Fureurs obstinées /Jean-Paul Bucher/ extraits

Jean Paul Bucher /Fureurs obstinées

Le 1er novembre 1915 . Julie, je t’écris de l’enfer. Les fantassins sont fixés dans les tranchées, assommés par le pilonnage incessant de l’artillerie. S’ils tentent une sortie, c’est en piétinant les corps de leurs camarades morts.

Dans le no man’s land, des chevaux abandonnés galopent, enivrés de terreur ; d’autres achèvent de mourir. Les rochers sont pulvérisés, la végétation a disparu. La puanteur enveloppe tout. Les choucas planent de façon obsédante. La cruauté est inscrite dans le paysage.

Parfois je suis paralysé par la peur, d’autres fois, emporté par un galop effréné. Au milieu de la tourmente, tes lettres me réconfortent.

Demain, encore une fois, il nous faudra reprendre l’offensive vers Constantinople. Aurai-je la chance d’en réchapper ?
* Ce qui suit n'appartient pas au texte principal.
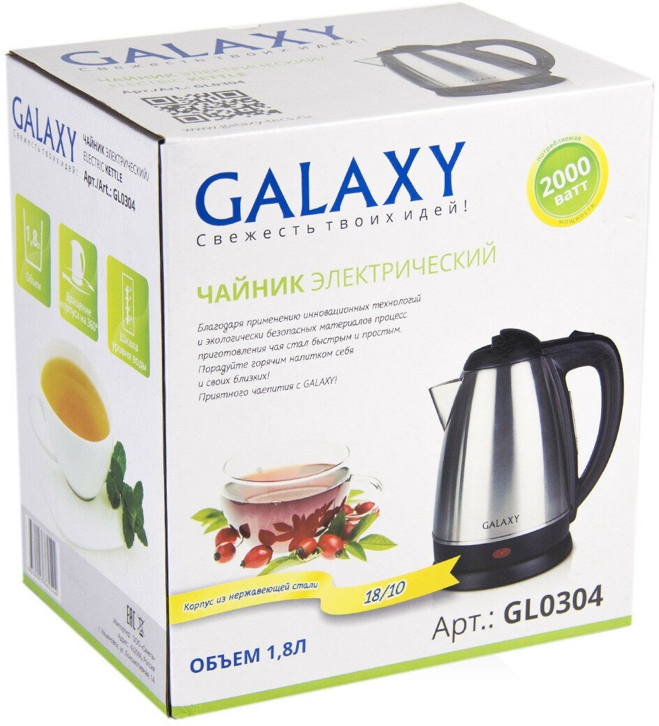Galaxy Чайник Galaxy GL0304, электрический, серебристый (2000Вт, 1.8л) (ret)
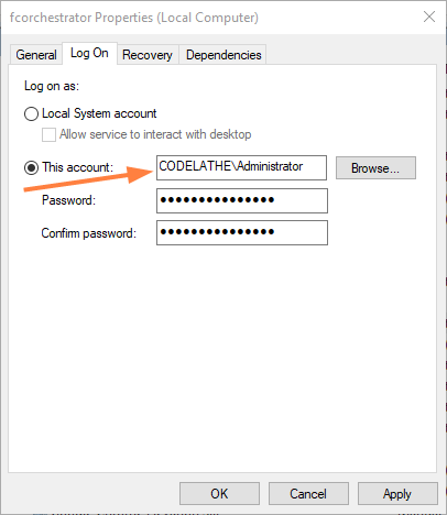 - Restart the service. Now fcorchestrator is running as a user account with full access to the network share.
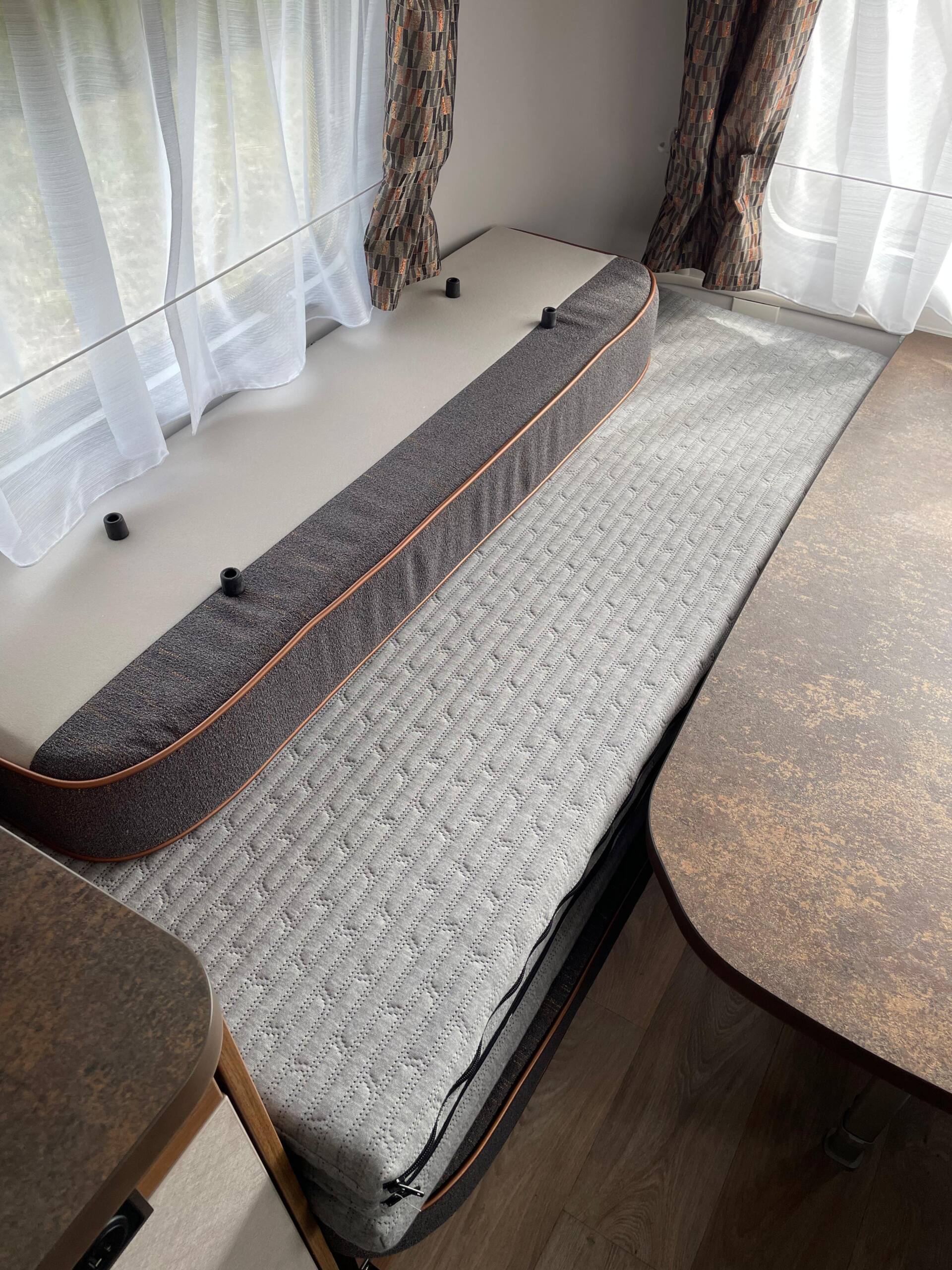 Unser VHRC-Topper (5cm hoch) verwandelt die Umbausitzgruppe in deinem Kult-Wohnwagen zu einem komfortablen Doppelbett mit außergewöhnlich hohem Liegekomfort.
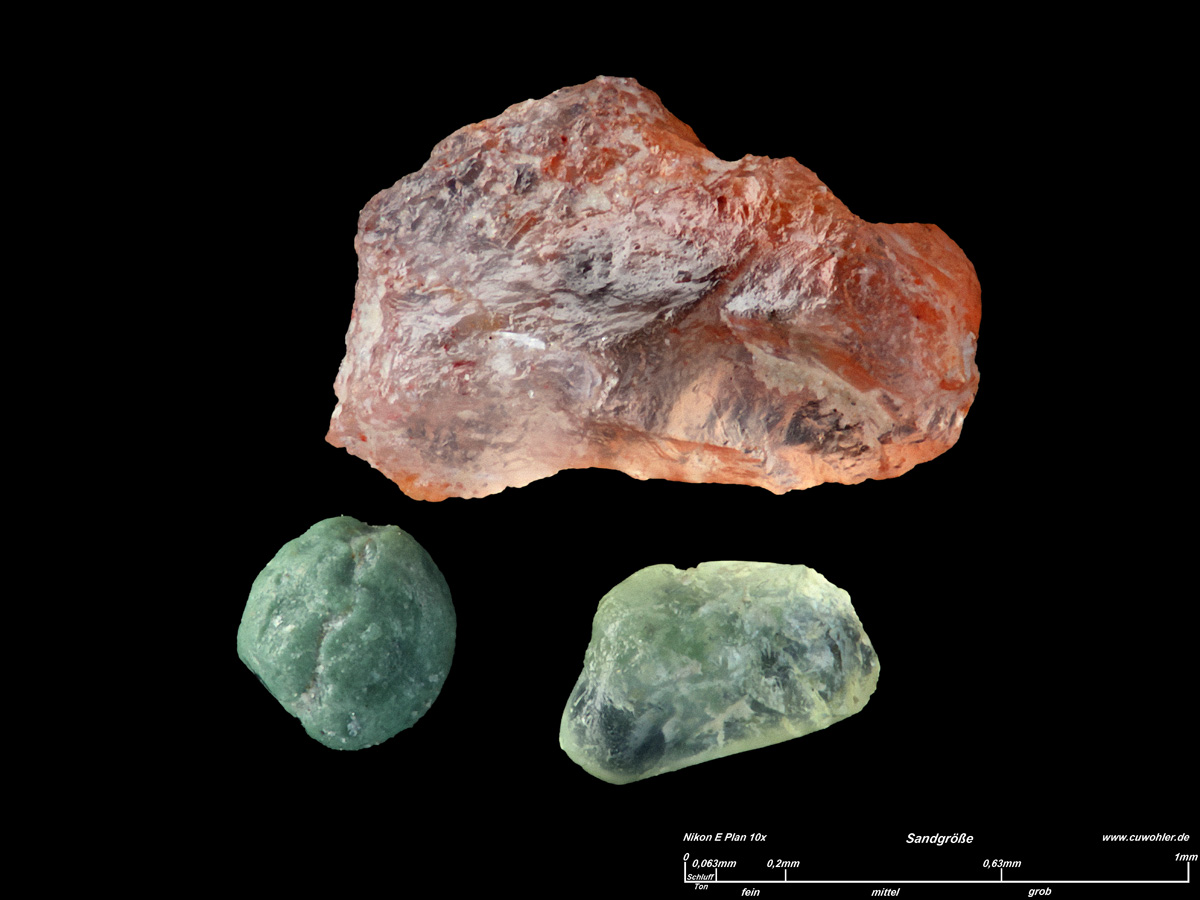 Quarz mit Eisenoxid, Glaukonit und unbekanntes Mineral aus dieser Probe
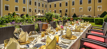 Sich einen Tag lang wie eine Prinzessin fühlen, beim Durchschreiten der Gänge die spannende Historie spüren und beim Essen das Gute aus der Region schmecken. In Ihrem Schlosshotel Mondsee begeben Sie sich auf eine Zeitreise in vergangene Jahrhunderte und dies mitten im idyllischen Örtchen Mondsee im Salzkammergut. Ob private Feier, Hochzeit, Seminar, Veranstaltung oder Urlaub – lassen Sie sich im gesamten Schloss von der historischen Atmosphäre verzaubern.
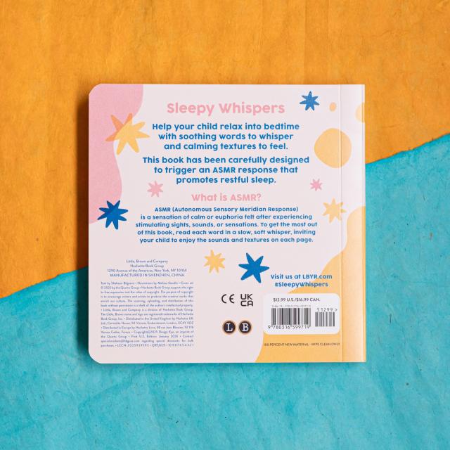 Sleepy Whispers is a tactile, soothing book designed to calm and relax. Every spread features high-quality textures that work with the text and illustrations to trigger an Autonomous Sensory Meridian Response. ASMR is a physical sensation of calm or euphoria, sometimes described as a gentle tingle, that promotes restful sleep, reduces anxiety, and also aids neurodiverse children in self-regulation. Featuring a calming text to whisper-aloud, a repetitive counting element, and an interactive design that encourages bonding between adult and child, this gentle book is the perfect addition to any peaceful bedtime routine.
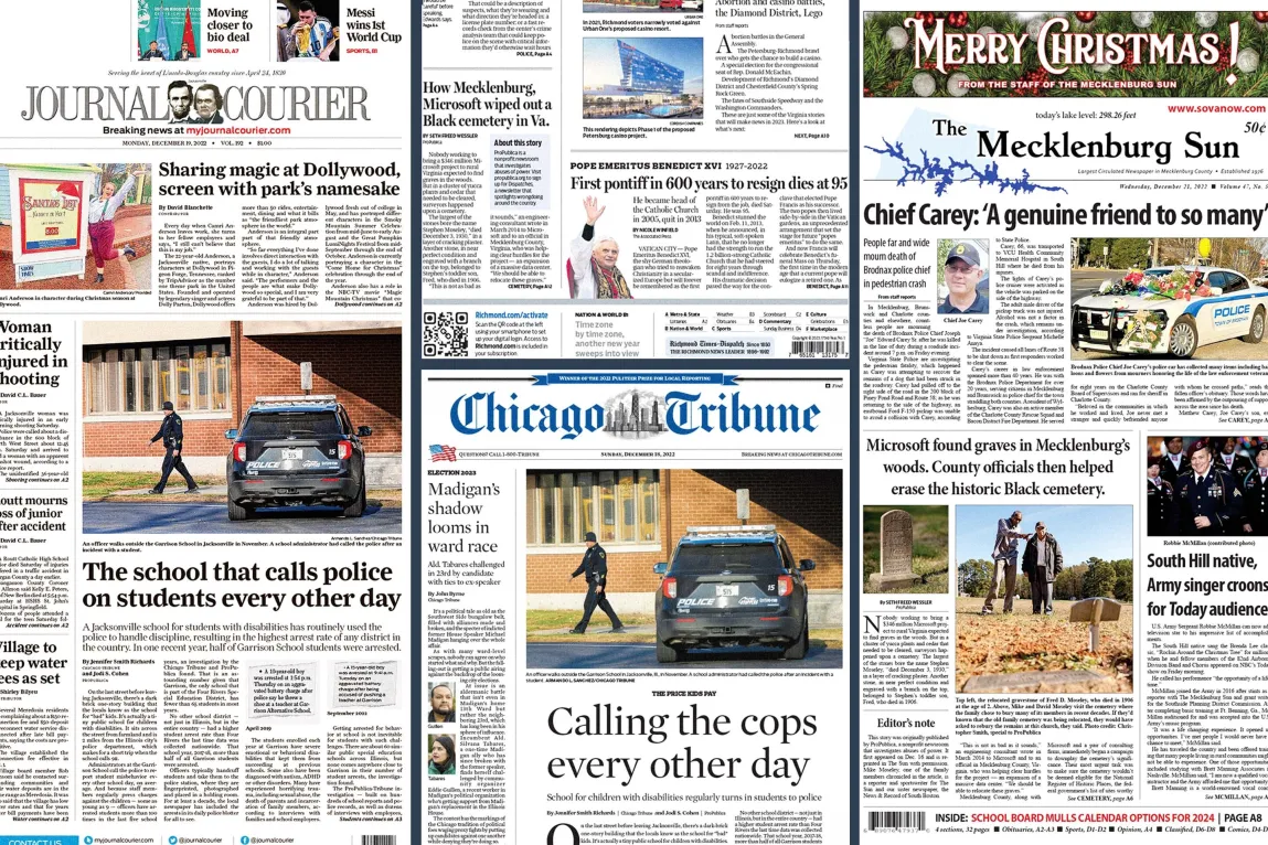 That’s why we were so pleased at the end of last year that two consequential stories — one about the arrest of children at an Illinois school, the other about digging up a historic Black cemetery in Virginia — appeared on the front pages of newspapers in the communities where the events happened.
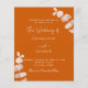 Burnt orange background, decorated with eucalyptus stems, sprigs. Personalize and and add your names and the details.
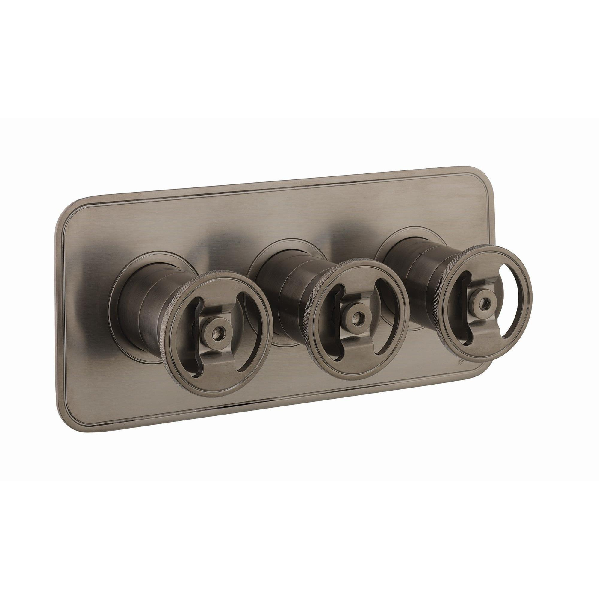 Crosswater Union Mitigeur de douche - 3 poignées en croix - avec partie encastrée - horizontal - chrome noir brossé
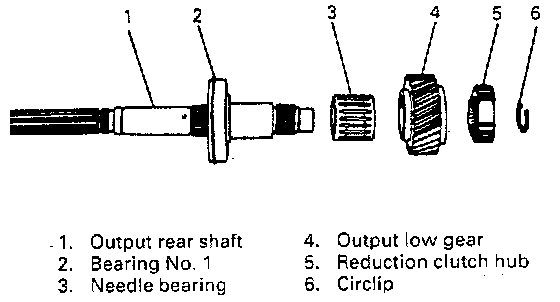 19. Pull off circlip from shaft and remove reduction clutch hub, output low gear and needle bearing.
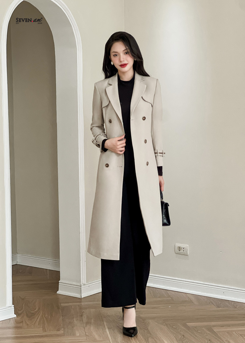 Áo khoác măng tô dài be cổ 2 ve dây đai eo ốp duy băng Seven.AM
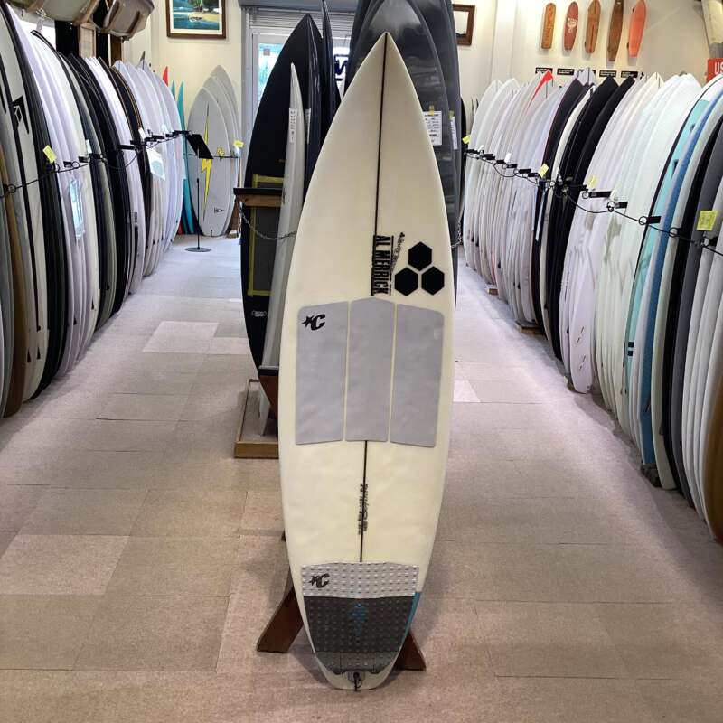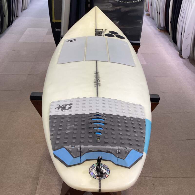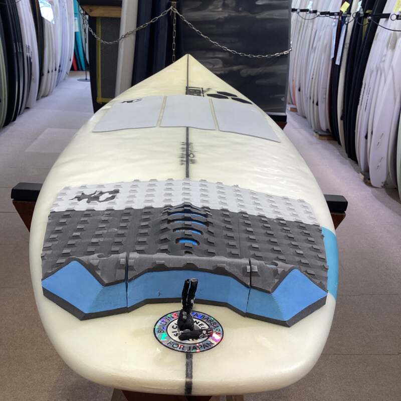 フロントフット下にシングルコンケーブが入っており、フィンとフィンの間でダブルになっています。フラットなテールとの相性がスピードとコントロールの完璧なバランスを生み出しています。
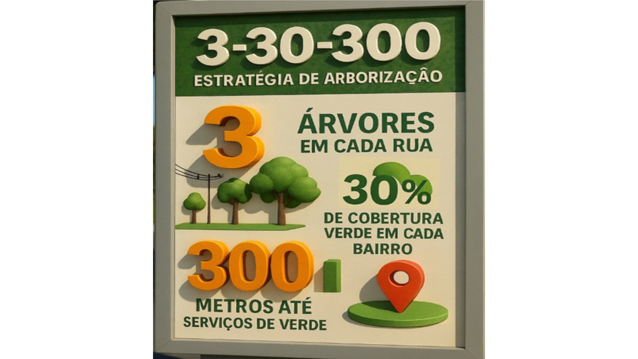 No coração do plano está o protocolo 3–30–300, referência global adotada por cidades sustentáveis ao redor do mundo:
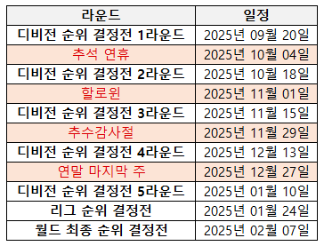 승패에 영향을 최소화하기 위하여 4주 간격의 안정적인 스케줄을 유지하며 신중하게 진행되고 있습니다.
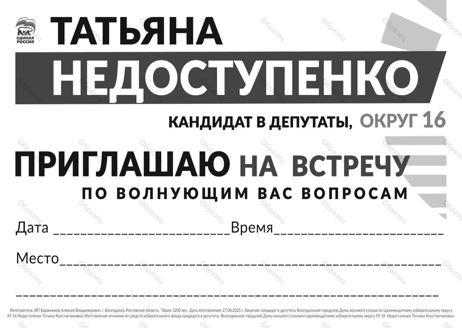 Наименование агитационного материала | "Татьяна Недоступенко" |
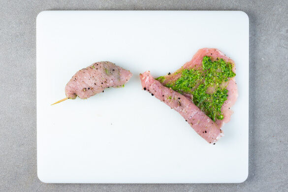 Jedes Steak mit ca. 1TL Pesto bestreichen. Das Fleisch aufrollen und mit einem Zahnstocher fixieren.
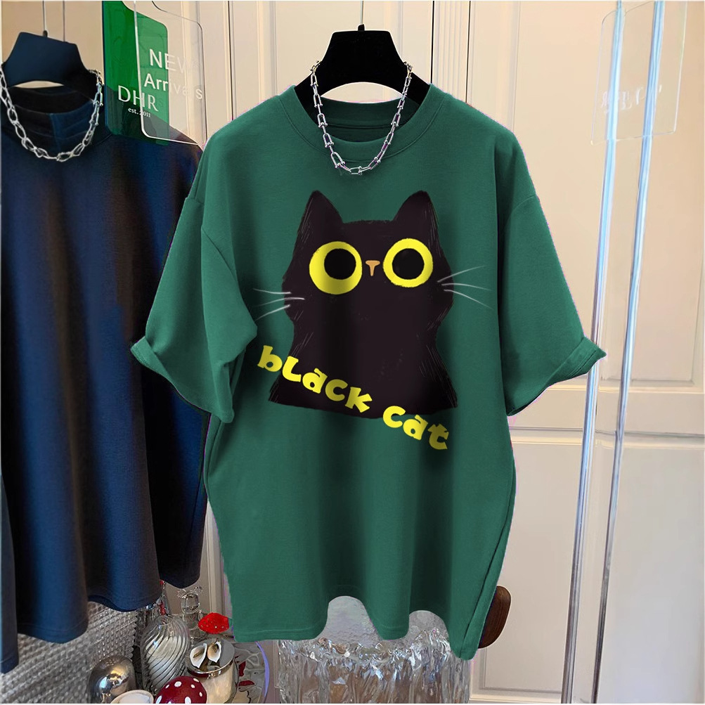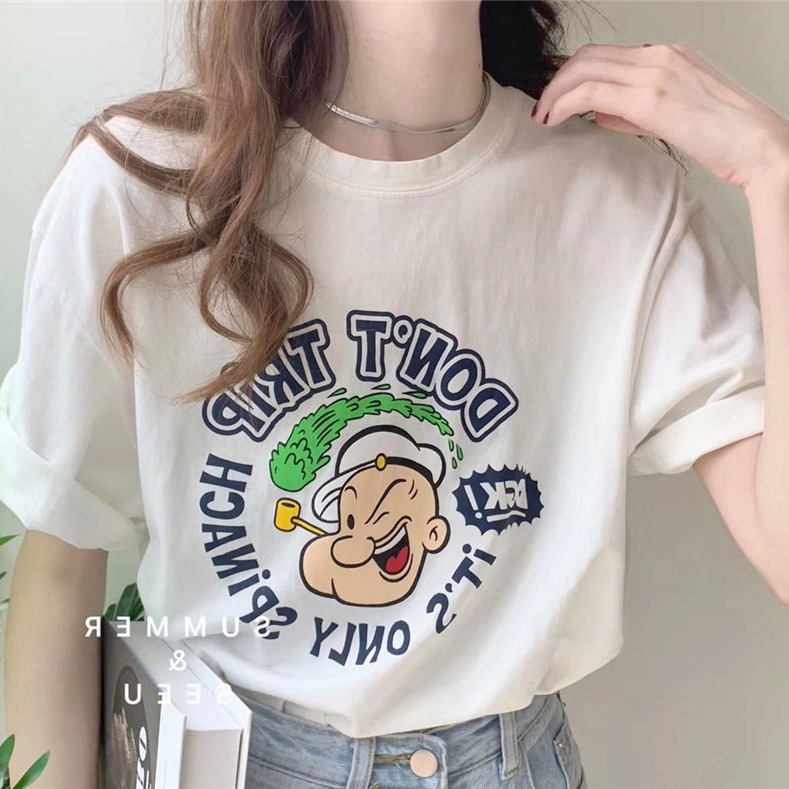 Kaus kartun lengan pendek wanita, pakaian luar musim panas 2022 gaya Korea besar longgar semua-cocok untuk semua

Tout mon amour pour toi. S’il m’arrivait le pire, pousse la vie pour qu’elle continue.

p.19

Les jantes en bois chantent sur les pavés. Monsieur le curé, boudiné dans sa soutane, sue et claudique dans ses chaussures vernies. Mon beau-père, la veste sur le bras, ses chaussures à la main, avance péniblement. Sa boiterie s’est accentuée. pierrot pleure dans le landau. Je suis exsangue.

Midi, le soleil brûle, l’atmosphère est lourde, les avant-postes de la petite ville sont pétrifiés. De chaque côté, des maisons fermées, accoudées sur leur perron ou retirées derrière des grilles de fer forgé. Les rares passants sont estourbis.

Mais qui dit quoi ? Qu’est-ce-que j’entends ?  » Ils sont là ! »

A cette nouvelle, monsieur Alain laisse échapper la barre de la cariole. Mathieu, brusquement catapulté vers l’avant, tombe.

Annie, secouée comme un sac de charbon, se débat dans ses liens. Elle est envahie par un rire diabolique. Elle s’égosille, s’époumone. Ma pauvre soeur est lancée à la face de ce gros bourg ventru, matelassé de blancheur, coiffé d’ardoise, percé d’un clocher octogonal. Bouret aboie à la mort.

Dans la pente la carriole prend de la vitesse. Les roues quittent leurs essieux. Fracas. La caisse racle la chaussée. Les pavés gémissent, étincellent. Le bois craque. Les planchent se disjoigneent. La chaise oscille de droite et de gauche. Ses morceaux volent en éclats. Le parapluie se disloque. Annie est projetée la tête la première dans une haie vive. Ses hurlements se prolongent et traversent nos bouches sèches, figées autour d’un trou d’horreur. Je tangue au bord de l’évanouissement.

Par-dessus notre groupe figé, le ciel d’une cruelle pureté.